Self-Hosting: Kleis Defines Kleis

One of Kleis’s most elegant features is meta-circularity: the type system is defined in Kleis itself.

// From stdlib/types.kleis - loaded before anything else
data Type =
    Scalar
    | Vector(n: Nat, T)
    | Matrix(m: Nat, n: Nat, T)
    | Complex
    | Set(T: Type)
    | List(T: Type)
    | Tensor(dims: List(Nat))

This means:

  • Types aren’t hardcoded in the Rust compiler
  • Users can extend the type system without recompiling
  • The type checker can reason about types as data

Core Types

Bool

The fundamental boolean type:

data Bool = True | False

Operations:

define not(b) = match b {
    True => False
    | False => True
}

define and(b1, b2) = match b1 {
    False => False
    | True => b2
}

define or(b1, b2) = match b1 {
    True => True
    | False => b2
}

Option(T)

For values that might not exist (like Haskell’s Maybe):

data Option(T) =
    None
    | Some(value: T)

Operations:

define isSome(opt) = match opt {
    None => False
    | Some(_) => True
}

define isNone(opt) = match opt {
    None => True
    | Some(_) => False
}

define getOrDefault(opt, default) = match opt {
    None => default
    | Some(x) => x
}

Usage:

// Safe division that doesn't crash on zero
define safeDivide(a, b) =
    if b = 0 then None
    else Some(a / b)

// Use with pattern matching
define showResult(result) =
    match result {
        None => "undefined"
        Some(x) => x
    }

Result(T, E)

For operations that can succeed or fail with an error (like Rust’s Result):

data Result(T, E) =
    Ok(value: T)
    | Err(error: E)

Usage:

define parseNumber(s) =
    if isNumeric(s) then Ok(toNumber(s))
    else Err("not a number")

define processInput(input) =
    match parseNumber(input) {
        Ok(n) => n * 2
        Err(msg) => 0
    }

List(T)

Recursive linked list:

data List(T) =
    Nil
    | Cons(head: T, tail: List(T))

Operations:

define isEmpty(list) = match list {
    Nil => True
    | Cons(_, _) => False
}

define head(list) = match list {
    Nil => None
    | Cons(h, _) => Some(h)
}

define tail(list) = match list {
    Nil => None
    | Cons(_, t) => Some(t)
}

Note: For numeric computation, use the [1, 2, 3] list literal syntax with built-in functions like list_map, list_filter, etc.

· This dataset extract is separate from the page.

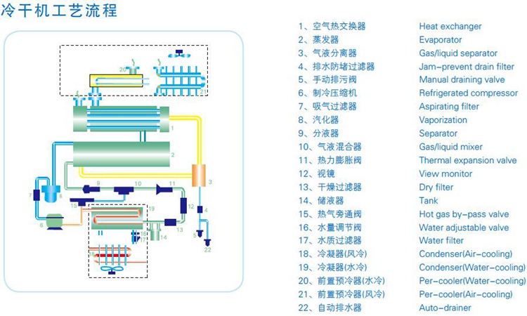 冷冻式干燥器分为风冷标准型(低、高温型)、水冷标准型(低、高温型)、特殊型(高温,高压、低压、深冷、防爆等)处理量从1.7m3/ min到500m3/min:压力露点2-10℃:控制方式有仪表、电子、 PLC 等多种。电源220V/1ph/50H•、380V/3ph/50Hz、110V/1ph/60H•、440V/3ph/50Hz,空气系统有不锈钢外筒体、铝外筒体,还可以生产深冷干机、冷水机、冷却器等,可为您定制各种特殊要求的产品。

The Cons/Nil form is for symbolic reasoning and pattern matching.

Unit

The type with only one value (like void in C, but safer):

data Unit = Unit

Usage:

// A function that returns nothing meaningful
define printAndReturn(x) = Unit

// Flags without associated data
define flagSet : Option(Unit) = Some(Unit)
define flagUnset : Option(Unit) = None

Ordering

For comparison results:

data Ordering = LT | EQ | GT

Usage:

define compareNumbers(a, b) =
    if a < b then LT
    else if a > b then GT
    else EQ

Numeric Types

Scalar

The base numeric type (real numbers ℝ):

// Part of the Type data type
Scalar

Complex

Complex numbers with real and imaginary parts:

// Part of the Type data type  
Complex

See Chapter 14: Complex Numbers for operations.

Vector(n, T)

Fixed-length vectors:

Vector(n: Nat, T)

Example: Vector(3, ℝ) is a 3D real vector.

Matrix(m, n, T)

Matrices with row and column dimensions:

Matrix(m: Nat, n: Nat, T)

Example: Matrix(2, 3, ℝ) is a 2×3 real matrix.

Delimiter Variants:

Matrix(m, n, T)   // [a b; c d] - square brackets
PMatrix(m, n, T)  // (a b; c d) - parentheses
VMatrix(m, n, T)  // |a b; c d| - vertical bars (determinants)
BMatrix(m, n, T)  // {a b; c d} - braces

See Chapter 19: Matrices for operations.

Tensor Types (xAct-style)

Kleis includes types for differential geometry with xAct-style tensor notation.

IndexVariance

Whether an index is upper (contravariant) or lower (covariant):

data IndexVariance = Contravariant | Covariant

TensorIdx

A single tensor index:

data TensorIdx = TIdx(name: String, variance: IndexVariance)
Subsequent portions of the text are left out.